そんなこんなでラグビーだけやって愉快に大学生活をすごしていたわけだが、大学4年目の11月にラグビー部も引退して暇になった。留年しているので、前から興味があった物理を知っとこうと思ってぱらぱらと本をねっ転がりながら読み始めた。そのころは歴史の本やら、哲学の本、数学の本などやたらと読んだ。広大な知識の世界にあこがれていたのだ。真理にあこがれていたのかもしれない。幸せな時期だった。正直いうが、物理を学ぶのに各分野1カ月くらいでマスターできると思っていた。力学に1カ月、電磁気学に1カ月、熱統計力学に1カ月、量子力学に1カ月、相対性理論に1カ月まあ半年ぐらいで物理の主要なものはマスターできると思っていた。そう考えたのは高校生の物理が私にとって容易だったからだ。その頃は物理の大学院に行こうなどと全く考えていなかった。そのまま農学部の院にいって2年間遊ぼうと思っていたのだ。
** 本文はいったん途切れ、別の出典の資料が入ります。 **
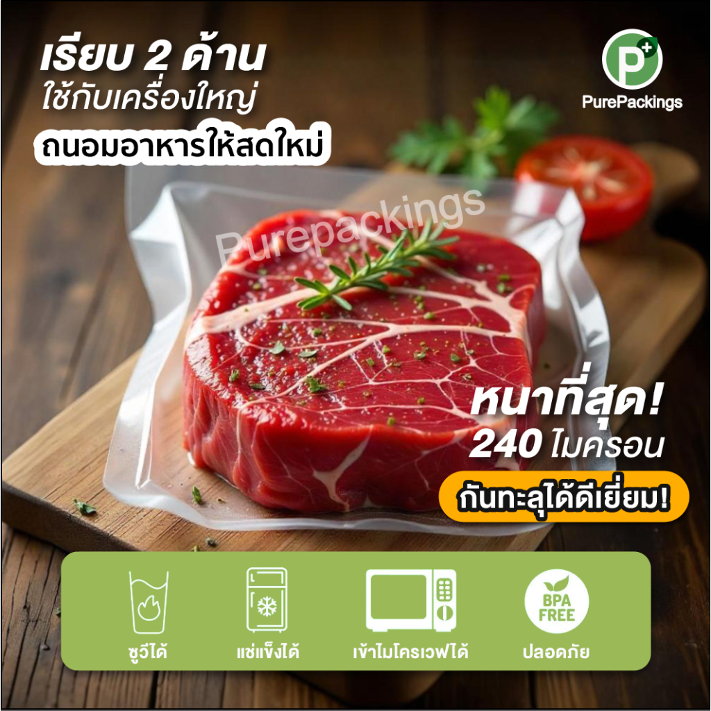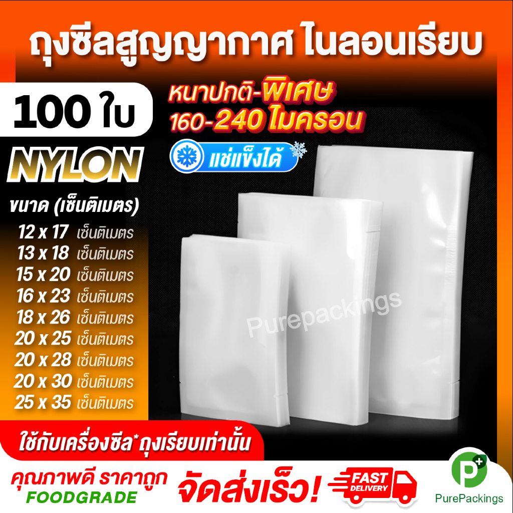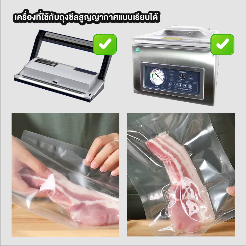 ?ถุงสูญญากาศ ไนลอน?หนาพิเศษ เรียบ2ด้าน (100 ใบ) ถุงซีลสูญญากาศ ใส่อาหาร NYLON Vacuum Bag

物理の本はファインマン物理学を読み、数学は志賀浩二さんが書いた数学30講シリーズを買って読んだ。別に計算方法をマスターしたいわけでもなく教養として数学を知りたかっただけなのでこのシリーズがよさそうに思えたのだ。私はねっ転がりながらこのシリーズを読んだ。線形代数も読んだと思うが、ねっ転がりながら読んでわかるわけはないし興味もわかなかった。今はこのシリーズの線形代数は手元にないので早々に古本屋に売ったのだろう。私の甘い見通しに反し物理には苦労させられたが知りたいという私の欲求が強くなんとか物理の勉強はそれなりにつづいた。最初はねっ転がりながらだったが、そのうち紙とペンを持ちだした。物理の勉強を続けているとどうしても行列やら行列式、線形代数の知識が必要になってくる。特に量子力学では必須だ。それでようやく線形代数学に興味を持ち始めた。きちんと学ぼうと思って最初に読んだのは確か【キーポイント線形代数】だったと思う。やる気もあったせいかこの本はよくわかった(古本屋に売ってしまったが)。体系的な本ではないが考え方がわかり独学の人に向いている。今検索してみると、まだ絶版にならずに売られているようであるのでお薦めする。でそのあとに読んだのがこの【アントンのやさしい線形代数】だった。この本は本当にお薦めである。数学の本にあるいきなり出てくる抽象的な定義など全くなく、具体的であり、それでいて論理はしっかりしている。ただ証明が略されている部分はいくつかあった。そういうところは他の本で補えばいい。大事なことは線形空間とは要するに数ベクトル空間のことであり、線形変換の基本的アイデアを理解することだ。わたしはこの本を何も詰まることなく最後まで読んだ。そして線形代数学がわかったと思った。年をとった私にはもう味わうことのできない幸せな時間を与えてくれたのだ。まだ売られているので強くお薦めする。